HOUSTON — A condemned Texas inmate who removed his only eye and ate it in a bizarre outburst several months ago on death row is "crazy," yet sane under state law, a judge wrote in an appellate court ruling Wednesday that rejected his appeals.
Andre Thomas raised 44 claims in his petition to the state's highest criminal court, challenging his conviction and death sentence for the murder of his estranged wife's 13-month-old daughter five years ago in Grayson County in North Texas.
His wife and their 4-year-old son were killed in the same attack. The victims were stabbed and their hearts were ripped out. Thomas, 26, of Texoma, walked into the Sherman Police Department, admitted to the killings and said God told him to commit them.
The nine-member Texas Court of Criminal Appeals unanimously upheld Thomas' conviction and punishment.
Thomas "is clearly 'crazy,' but he is also 'sane' under Texas law," Judge Cathy Cochran wrote in a 14-page statement accompanying the court's brief order.
Among claims in the appeal, Thomas' attorneys argued that instructions to his trial jury were incorrect regarding the law on voluntary intoxication, that the instruction should not have been given because it suggested his drug and alcohol use and not insanity were responsible for his actions, and that his trial attorneys were ineffective because they should have known the instructions were improper.
At Thomas' trial in Sherman in 2005, defense lawyers said the killings were the result of insane delusions caused solely by Thomas' mental disease. Jurors agreed with prosecutors, who argued his psychosis was caused or aggravated by his voluntary use of alcohol, drugs and prescription drugs.
"There was ample evidence to reject an insanity defense and support a jury finding that (Thomas) knew that his conduct was wrong at the time he murdered his wife and the children," Cochran wrote. "There was also evidence that (Thomas) did not know his conduct was wrong at the time. This was a quintessential fact issue for the jury to decide, and it did so."

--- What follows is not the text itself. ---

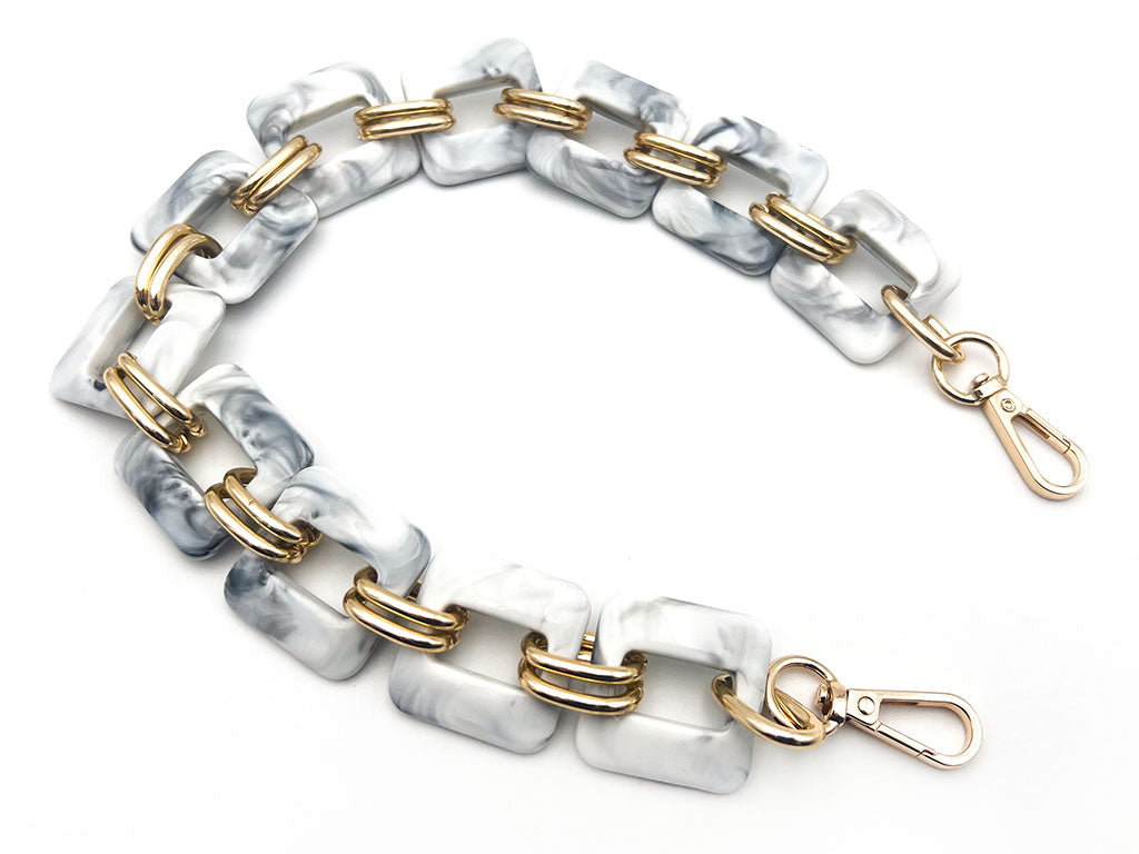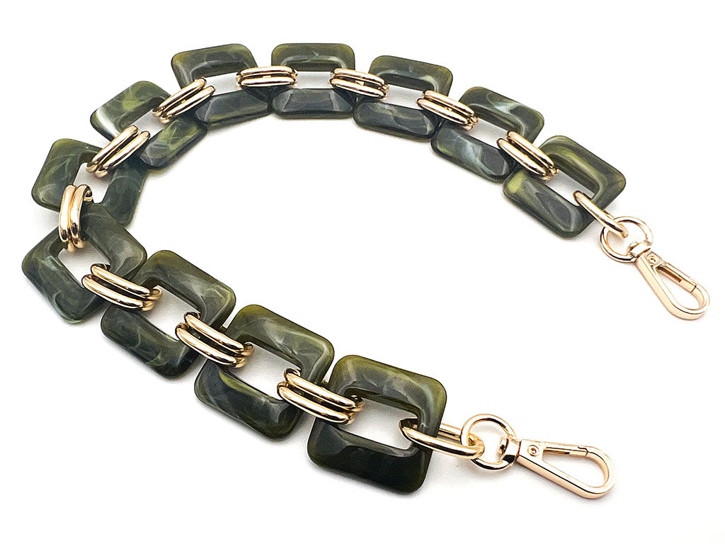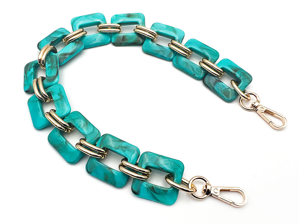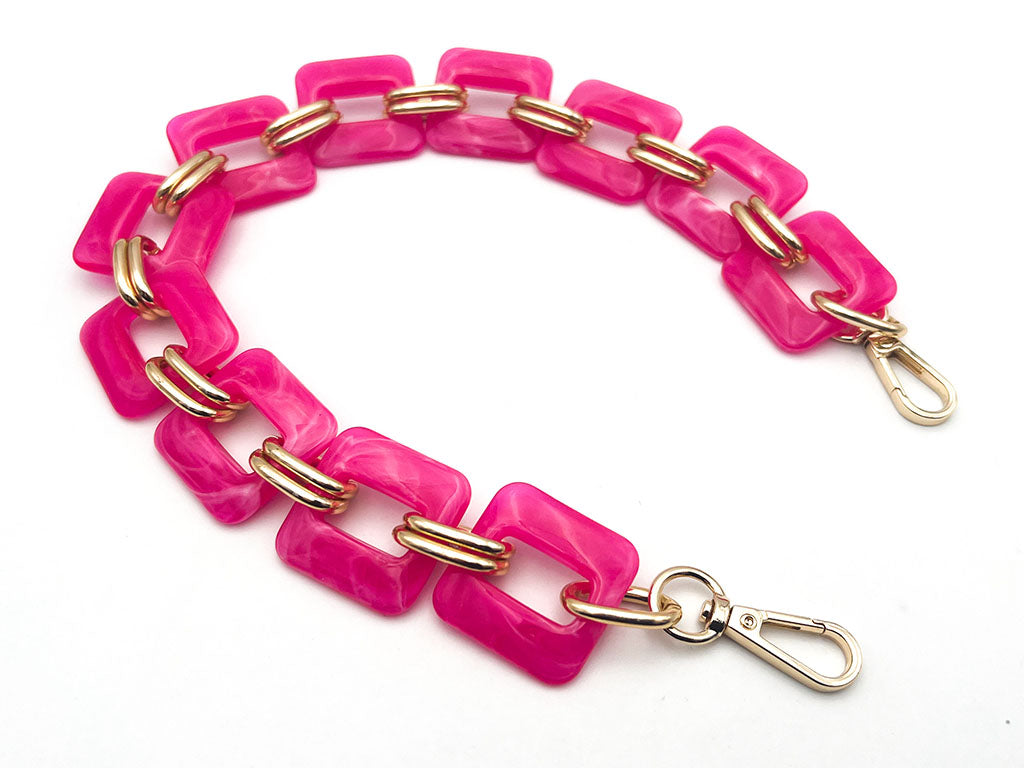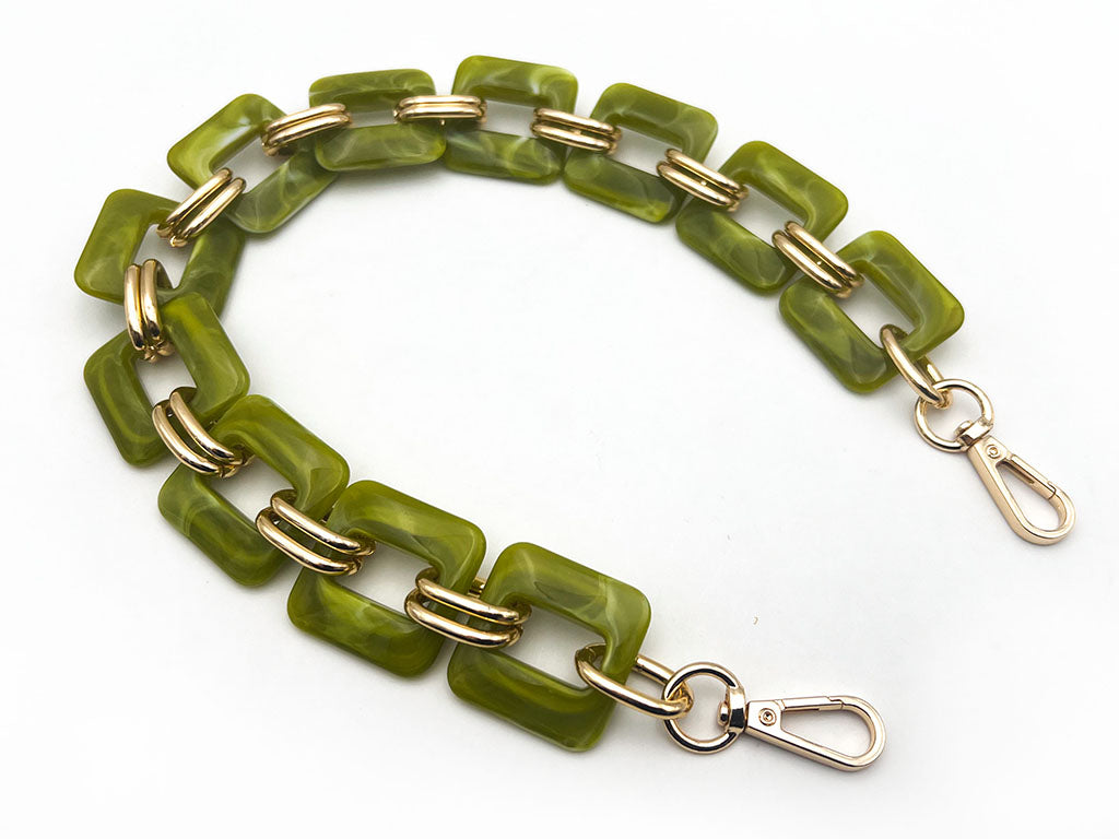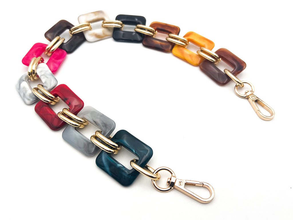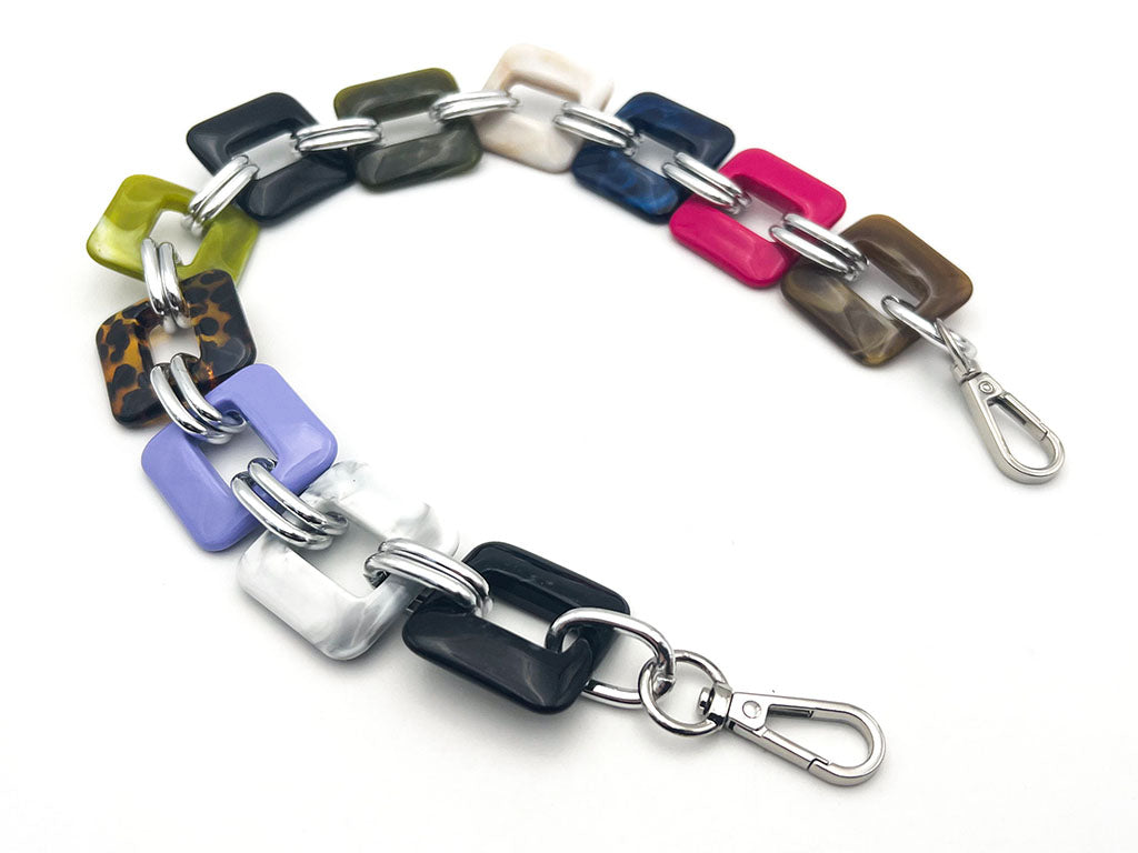 Catena resina square con anello e moschettone rettangolare, lunghezza da 46 a 56 cm.

Cochran wrote that although "reasonable people might well differ on the questions of whether (Thomas) was sane at the time he committed these murders or competent at the time he was tried, those issues were appropriately addressed by the defense, the prosecution, trial judge, and the jury during the trial."
While in the Grayson County Jail five days after his arrest, Thomas plucked out his right eye. A judge subsequently ruled he was competent to stand trial.
Last December, a death row officer at the Polunsky Unit of the Texas Department of Criminal Justice found Thomas in his cell with blood on his face and had him taken to the unit infirmary. Thomas told officials he had pulled out his remaining eye and ate it.
He was taken to a hospital for treatment, then was transferred to a prison psychiatric unit.
There was no reference to the second eye removal in the court opinion.
Thomas was convicted of killing 13-month-old Leyha Marie Hughes. Also slain March 27, 2004, were his wife, Laura Christine Boren, 20, and their son, 4-year-old Andre Lee.
"This is an extraordinarily tragic case," Cochran wrote, saying the deaths could have been avoided because Thomas twice went to hospitals for help but left voluntarily and couldn't be held without legal authority.